This repository is my workspace for investigating anti-trans legislation proposed in the US in 2023.
This repository is not intended to identify these bills, which is just too large a task for one person. Instead, I am using two lists that are actively being compiled by other organizations: the ACLU and trackingtranslegislation.com.
The datasets can be retrieved or updated using the scripts retrieval/get_aclu_data.ipynb and retrieval/get_ttl_data.ipynb. There's an additional script (retrieval/get_equality_texas.ipynb) for retrieving data from EqualityTexas, but that data isn't currently incorporated into any of the pipelines. The script retrieval/legiscan_lookup_aclu.ipynb is used to resolve bills tracked by the ACLU to legiscan IDs so that we can use the Legiscan service to get more information about them--including downloading the text of the bill with retrieval/retrieve_legislation.ipynb. Finally, retrieval/build_neutral_corpus.ipynb is for constructing a corpus of neutral bills in order to compare their statistical properties to those of the anti-trans corpus.
If you're interested in time series or pie chart visualizations, you probably want to look at visualize/aggregate.ipynb, which operates on an aggregation of the ACLU and TTL data.

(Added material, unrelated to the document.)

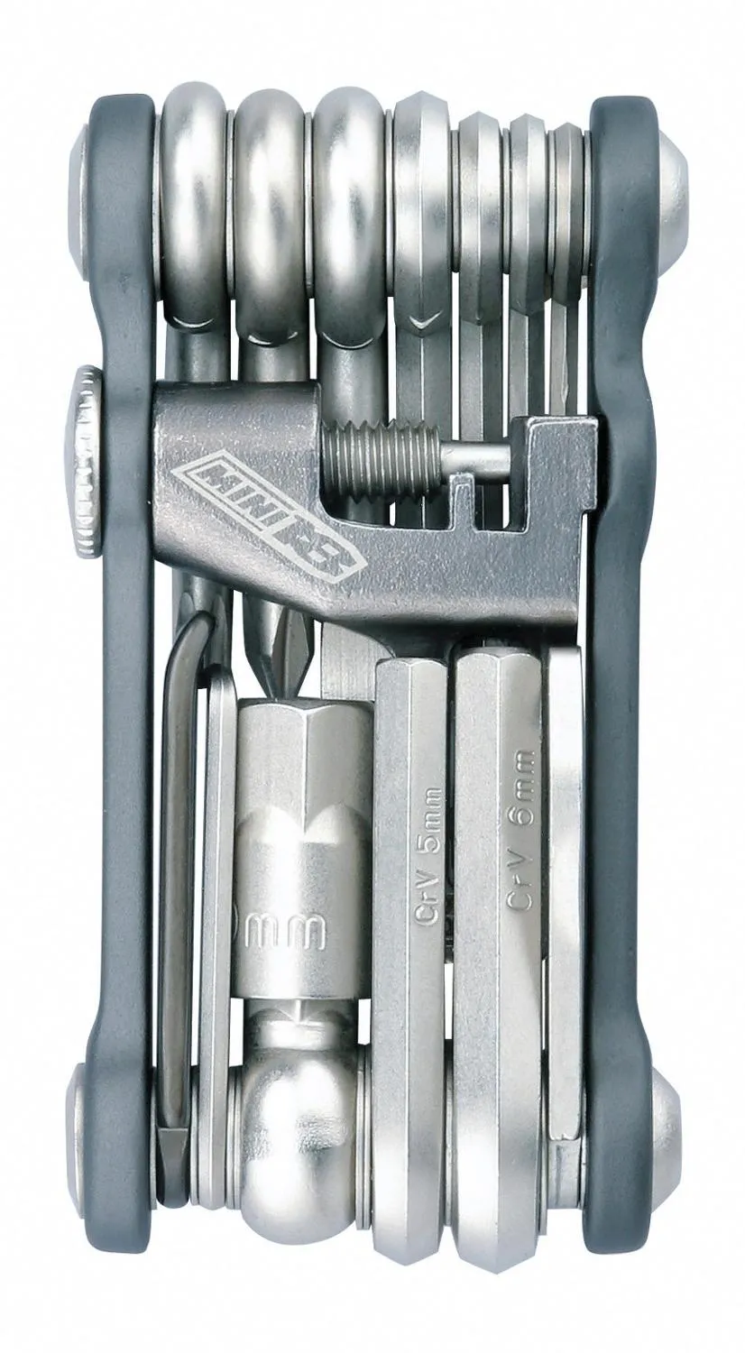 Включает 2, 2,5, 3, 4, 5, 6, 8 и 10 шестигранных ключей, биту Torx T25 для дисковых тормозов, а также крестовую и плоскую отвертки
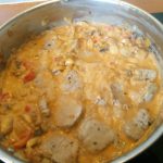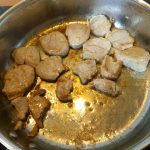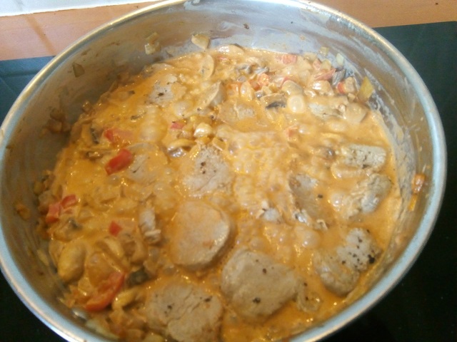 Voeg nu de plakjes varkenshaas toe en laat deze nog verder garen en door verwarmen.

There is an animated choropleth in visualize/animated_choropleth.ipynb. I have also put a lot of work into making a decent word cloud of the bills as well, which you can find here: visualize/word_freq.ipynb.

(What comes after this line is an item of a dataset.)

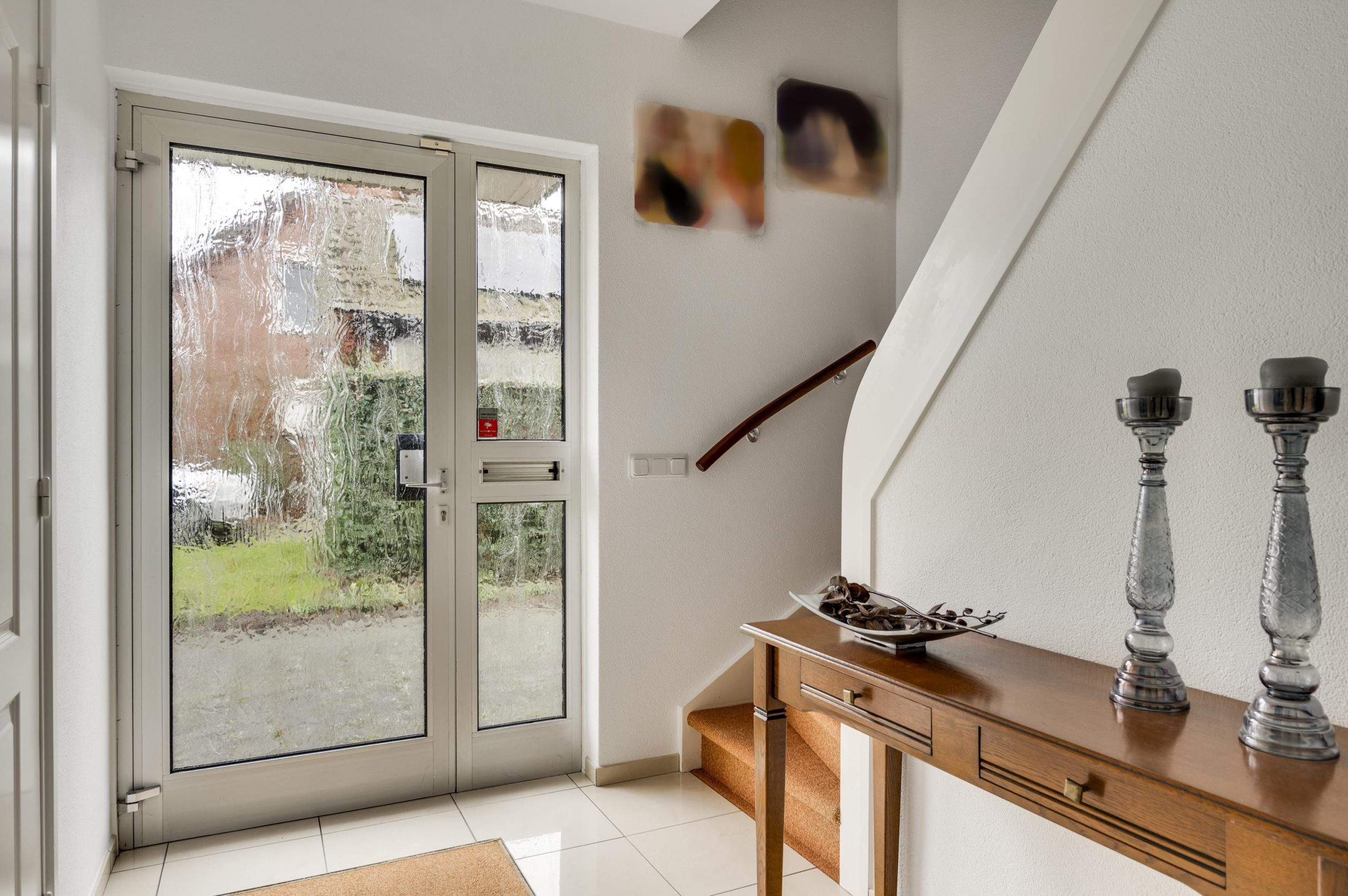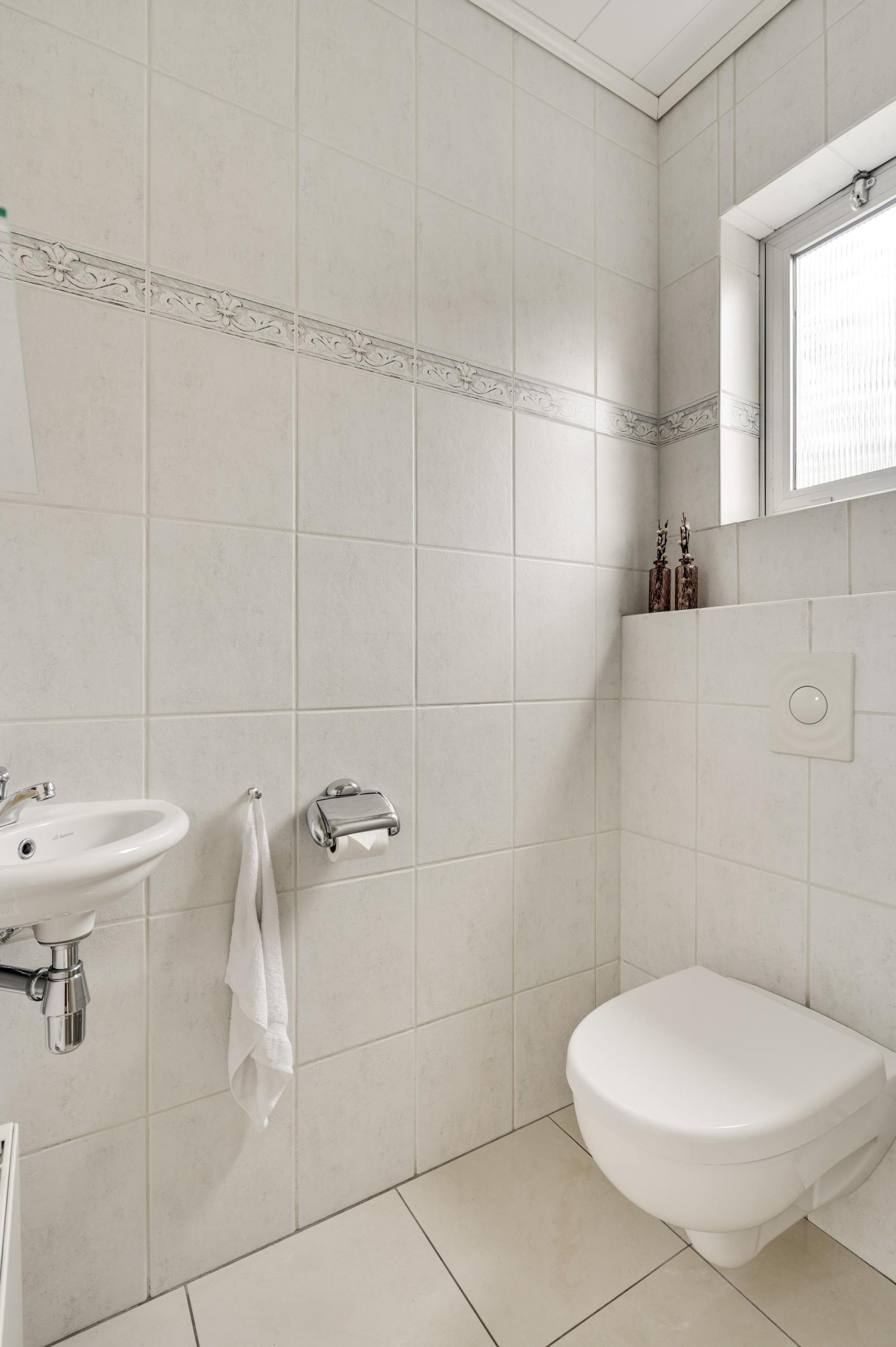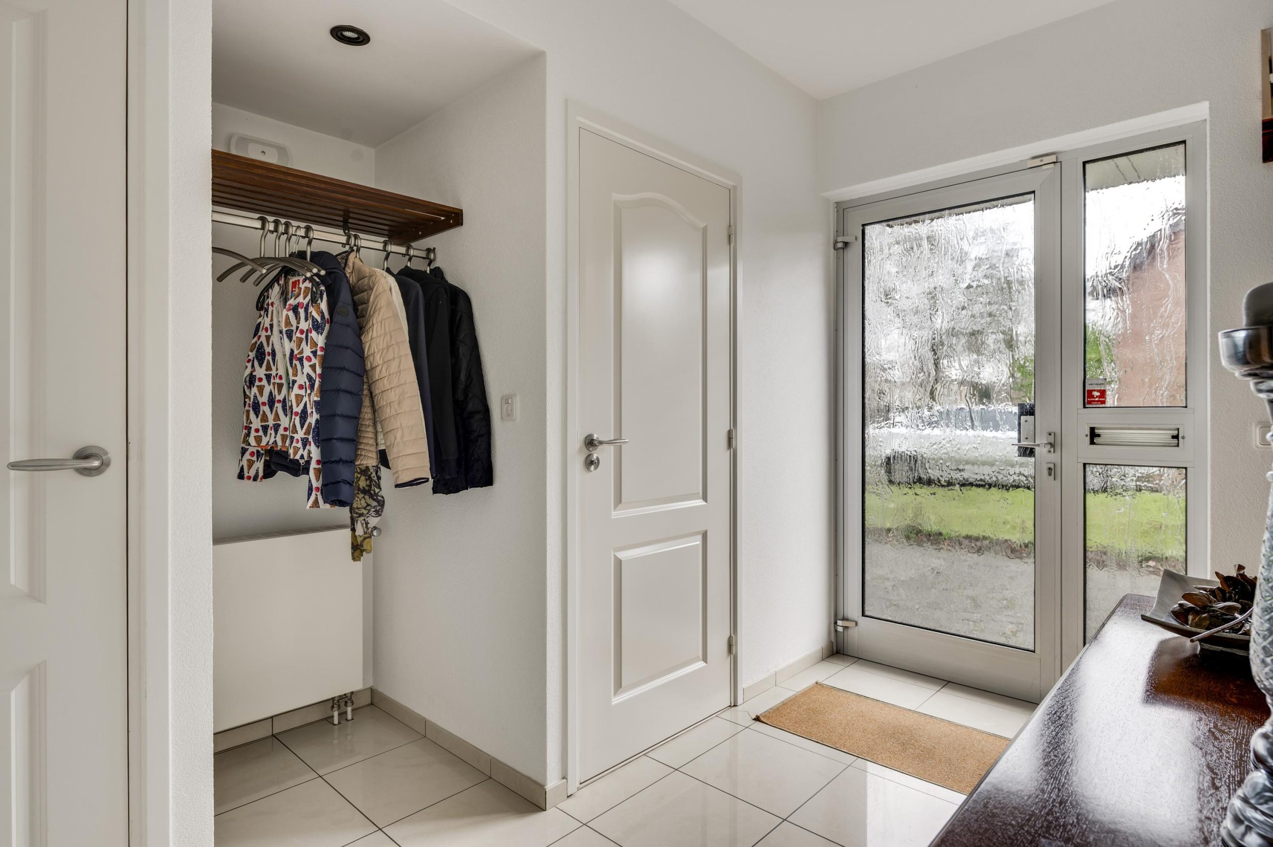 Via de royale oprit bereikt u de entree in de zijgevel van de woning. De ontvangsthal biedt toegang tot de meterkast, garderobe en de geheel betegelde toiletruimte met hangend toilet en fonteintje.

The scripts that build the aggregate dataset from the ACLU and TTL data are found in investigate/aggregate.ipynb and investigate/categorize.ipynb. investigate/conserved_phrases investigates common large n-grams across the corpus. investigate/generate_legal_stopwords.ipynb can be used to generate or refresh the list of stopwords that is specialized for legal documents. Finally, a quick exploration of ngrams in the hate emails corpus is in investigate/hate-emails-ngrams.ipynb.

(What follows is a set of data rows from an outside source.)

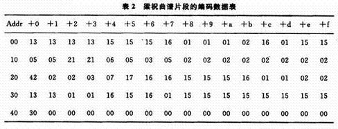 設(shè)音符的6位二進(jìn)制編碼中,最高位為間斷音控制,中間2位為音程碼,最低3位為音名碼。每個(gè)8分音存放于1個(gè)存儲單元,四分音符碼占2個(gè)存儲單元。若音名碼用其簡譜數(shù)符對應(yīng)的二進(jìn)制碼表示,而低、中、高三個(gè)音程分別用"01”,“00",“10”三組碼表示,“11”為結(jié)束符碼,則圖3曲譜碼存儲表如表2所示。表中6位二進(jìn)制音符碼用2位八進(jìn)制數(shù)表示。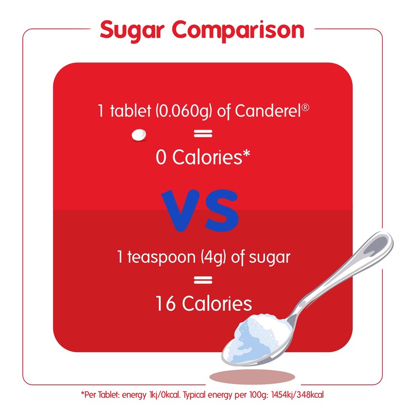 • GREAT TASTE- Our new, great tasting Canderel  650 tablets will help you reduce your calories intake and maintain a healthier balanced diet without having to compromise on the sweet taste.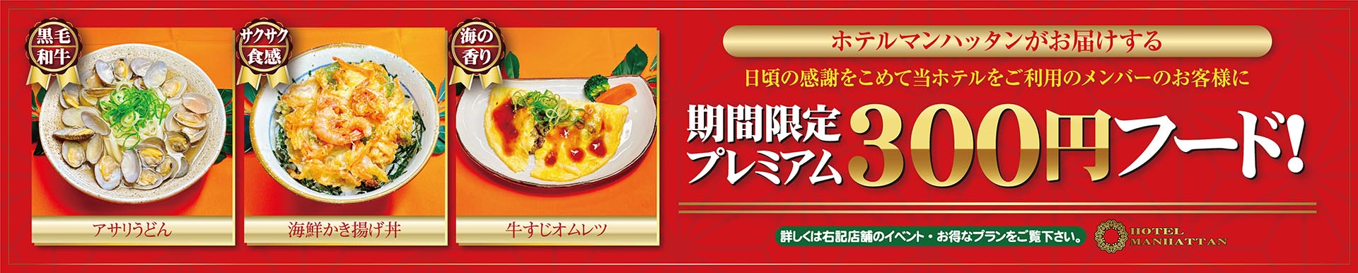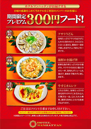 ●ご宿泊のお客様は100円フードor100円フード&スイーツより、お1人様1品ご利用頂けます。

An archive of the data I retrieved from the Legiscan API can be found in archive. This is divided into bills, which contains the actual bills, and meta, which contains metadata about each piece of legislation.
Anything created or modified by the notebooks is in the artifacts directory.
The lib and tasks directories contain reusable code. The goal is to pull anything reusable out of the notebooks and build composable units that can be combined into various automated pipelines. This way the different notebooks wouldn't need to be run in a particular order when new data arrives.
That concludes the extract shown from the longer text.